No pictures belong in the copy. Retype exactly, and only, the stretch of lines below from the one with "Die dreizehn Bücher" through the one with "16 IPS और 8".

-- Data to process follows --

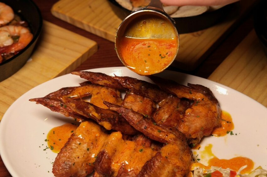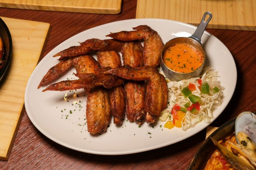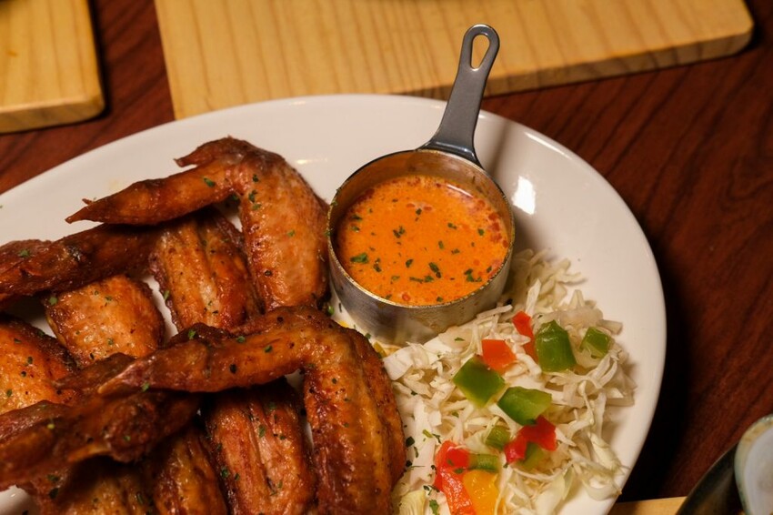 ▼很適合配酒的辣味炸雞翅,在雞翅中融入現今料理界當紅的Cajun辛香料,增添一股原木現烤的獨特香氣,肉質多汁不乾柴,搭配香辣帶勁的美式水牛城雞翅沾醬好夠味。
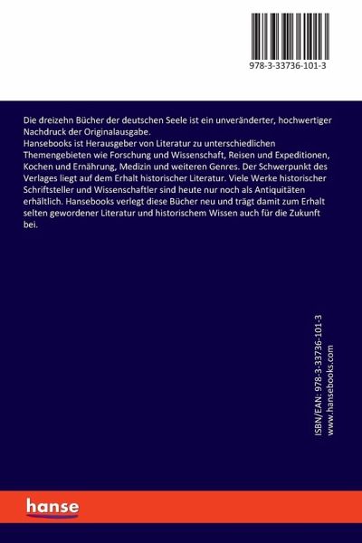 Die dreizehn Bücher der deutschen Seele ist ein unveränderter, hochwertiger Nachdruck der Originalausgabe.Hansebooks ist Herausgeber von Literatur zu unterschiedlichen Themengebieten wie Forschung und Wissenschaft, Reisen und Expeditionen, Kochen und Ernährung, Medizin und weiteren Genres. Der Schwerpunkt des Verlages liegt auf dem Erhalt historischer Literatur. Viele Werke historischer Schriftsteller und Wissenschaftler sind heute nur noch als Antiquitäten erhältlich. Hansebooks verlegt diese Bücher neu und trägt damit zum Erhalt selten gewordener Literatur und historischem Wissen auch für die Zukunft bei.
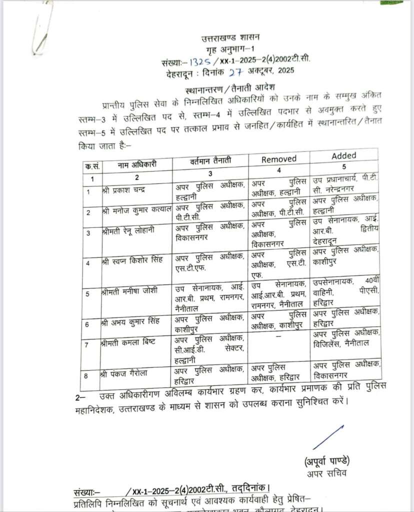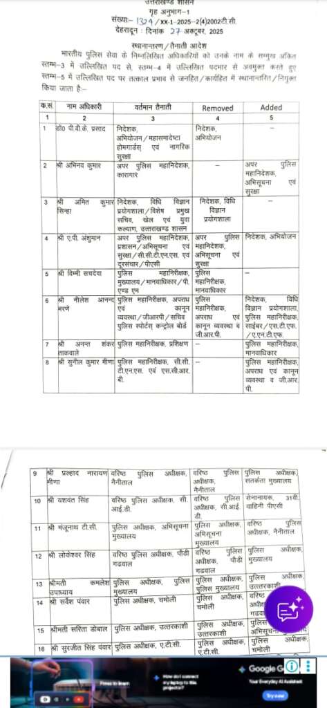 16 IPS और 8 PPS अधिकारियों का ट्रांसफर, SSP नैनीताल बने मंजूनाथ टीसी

-- Data to process concluded --
-- Data to process follows --

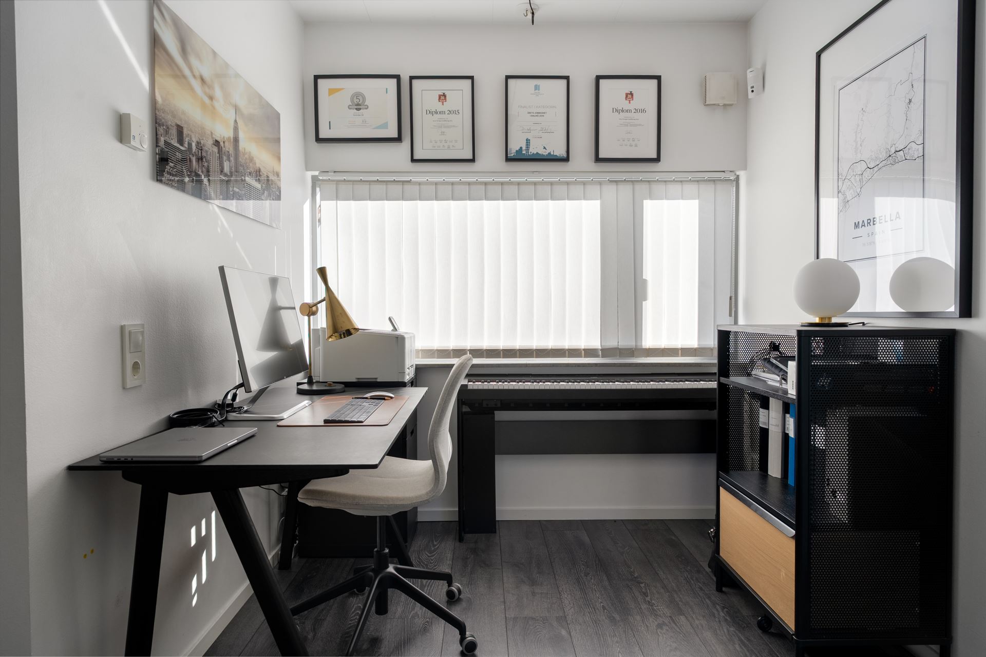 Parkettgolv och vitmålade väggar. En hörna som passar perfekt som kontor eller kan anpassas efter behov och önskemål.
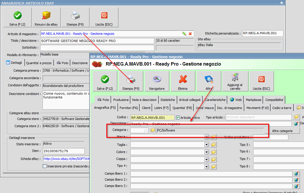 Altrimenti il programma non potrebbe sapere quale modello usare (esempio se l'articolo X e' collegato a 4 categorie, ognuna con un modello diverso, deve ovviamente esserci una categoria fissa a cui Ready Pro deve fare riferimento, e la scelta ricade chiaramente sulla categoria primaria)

-- Data to process concluded --

→ **Answer to the problem**
 Die dreizehn Bücher der deutschen Seele ist ein unveränderter, hochwertiger Nachdruck der Originalausgabe.Hansebooks ist Herausgeber von Literatur zu unterschiedlichen Themengebieten wie Forschung und Wissenschaft, Reisen und Expeditionen, Kochen und Ernährung, Medizin und weiteren Genres. Der Schwerpunkt des Verlages liegt auf dem Erhalt historischer Literatur. Viele Werke historischer Schriftsteller und Wissenschaftler sind heute nur noch als Antiquitäten erhältlich. Hansebooks verlegt diese Bücher neu und trägt damit zum Erhalt selten gewordener Literatur und historischem Wissen auch für die Zukunft bei.
 16 IPS और 8 PPS अधिकारियों का ट्रांसफर, SSP नैनीताल बने मंजूनाथ टीसी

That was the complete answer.